Шурику приходилось трудно. Несмотря на легкое поступление в институт, учение оказалось для него тяжелым. Он был, вне всякого сомнения, гуманитарным мальчиком, и то проворство, с которым он усваивал иностранные языки, никак не распространялось на прочие предметы. К концу первого семестра он накопил много недопонятого во всех науках, с трудом сдавал зачеты и постоянно пользовался помощью Али и Жени. Они его подгоняли, а то и просто делали за него задания. Хотя сессию он еще не завалил, но был полон на этот счет дурными предчувствиями. Единственный предмет, который шел у него прекрасно, был английский. Недоразумение, послужившее косвенной причиной смерти Елизаветы Ивановны, как будто имело рецидив: его опять по ошибке зачислили не в ту языковую группу. Увидев свою фамилию в группе «английский – продолжающие», он даже не пошел в деканат объясняться. Стал ходить на занятия, и преподавательница только в конце семестра обнаружила, что один из ее студентов по ошибке за три месяца освоил полный курс школьного английского и отлично справился с новым объемом.
В прежние времена Вера в сопровождении Шурика неукоснительно посещала лучшие театральные премьеры и хорошие концерты. Теперь, когда она предлагала Шурику куда-нибудь с ней выйти, он иногда отказывался: у него не хватало времени. Приходилось много заниматься, особые нелады были с химией – она казалась корявой, ветвистой, лишенной логики…
Все у Шурика поменялась разом – и в главном, и в мелочах. Одно только осталось неизменным с прошлого года – понедельничная Матильда. Впрочем, понедельники распространялись иногда и на другие дни недели. Поскольку Вера тяготилась одинокими вечерами, Шурик, подремывая над учебниками, дожидался одиннадцати, когда мама принимала свое снотворное, и, оставив в своей комнате маленький свет и тихую музыку, в одних носках, с ботинками в руке, открывал входную дверь, не скрипнув смазанными специально петлями, не щелкнув замком, надевал ботинки уже на лестничной клетке и катился вниз, бегом по лестнице, потом через двор, через железнодорожный мостик, к Матильде…
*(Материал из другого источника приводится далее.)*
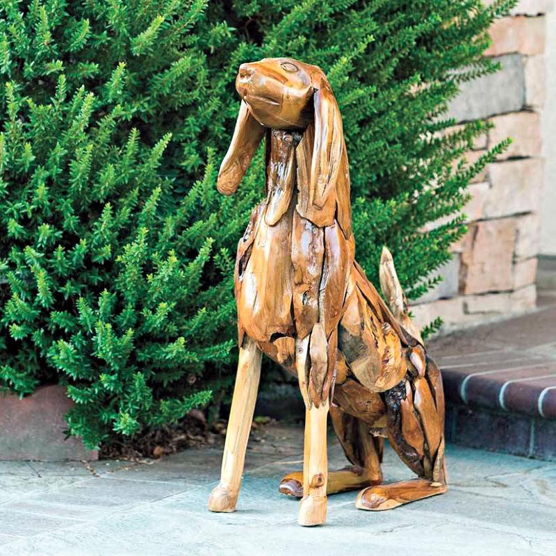 Loveably unique our pieced driftwood-style teak dog has mastered the commands sit and stay! Artistically shaped with pieces of natural teak this handcrafted art invites a sense of calm and beauty. With its own distinctive character this masterful sculpture sits a stately 31" tall and adds a regal welcome to your front porch or patio.

Он открывал ее дверь своим ключом, который был доверен ему не как знак их любовной связи, а как свидетельство дружбы, с того самого дня, как Матильда в первый раз оставила на него кошек. Сквозь дверной проем он видел широкую белую постель, лежащую на пышных подушках Матильду в белой просторной рубахе, с мягко-заплетенной ночной косой на плече, с пухлой книжкой в газетной обертке, в окружении трех черных кошек, спящих в самых причудливых позах на ее раскинутом теле. Матильда улыбалась обратному кадру – густорумяному юноше в короткой спортивной куртке, со снегом в густых волосах. Она знала, что он всю дорогу бежал, как зверь на водопой, и знала, что бежал бы не двадцать минут, а всю ночь, а, может, неделю, чтобы поскорее ее обнять, потому что голод его был молодой, зверский, и она чувствовала готовность ответить ему.
Иногда ей приходило в голову, что мальчика можно было бы немного подобразовать, потому что он и в постели все продолжал бег к ней, и не было времени для медлительной нежности, для неги, для тонкой ласки. Он же, добежав, внезапно отрывался от нее, ахал, глядя на часы, быстро одевался и убегал. Она подходила к окну и видела, как он проносился через двор на улицу, потом мелькал в просвете между домами…
«К маме спешит, – усмехалась она добродушно. – Не привязаться бы старой дуре…»
Боялась привязанности, боялась расплаты. Привыкла, что за все приходится расплачиваться.
Глава 14
Новый год собирался быть печальным: так его задумала Вера Александровна. Она настроилась на благородный минор, достала альбом Мендельсона и заранее разобрала Вторую сонату. Она не была слишком высокого мнения о своем исполнительском уровне, но единственный зритель, на которого она в новогодний вечер рассчитывала, был самым доброжелательным на свете.
Актерская душа ее не умирала. Старый спектакль ее жизни развалился, отыгрался, и она стала собирать себе новый из подручного материала, из подбора, как говорили в театре. К Мендельсону шло черное платье, закрытое, но с прозрачными рукавами, пристойное для исполнительницы. И черное ей шло. На мещанские традиции – что в черном Новый год не встречают – наплевать. Стол будет скромным: никаких маминых пирожков поросячьего вида, совершенно одинаковых, как будто машинного производства, никакого семейного крюшона в серебряном ведерке стиля а-ля рюсс… Кстати, куда оно делось, надо Шурика спросить… Маленькие бутербродики… Ну, тарталетки купить в буфете ВТО. Апельсины. И бутылка сухого шампанского. Все. Для нас двоих.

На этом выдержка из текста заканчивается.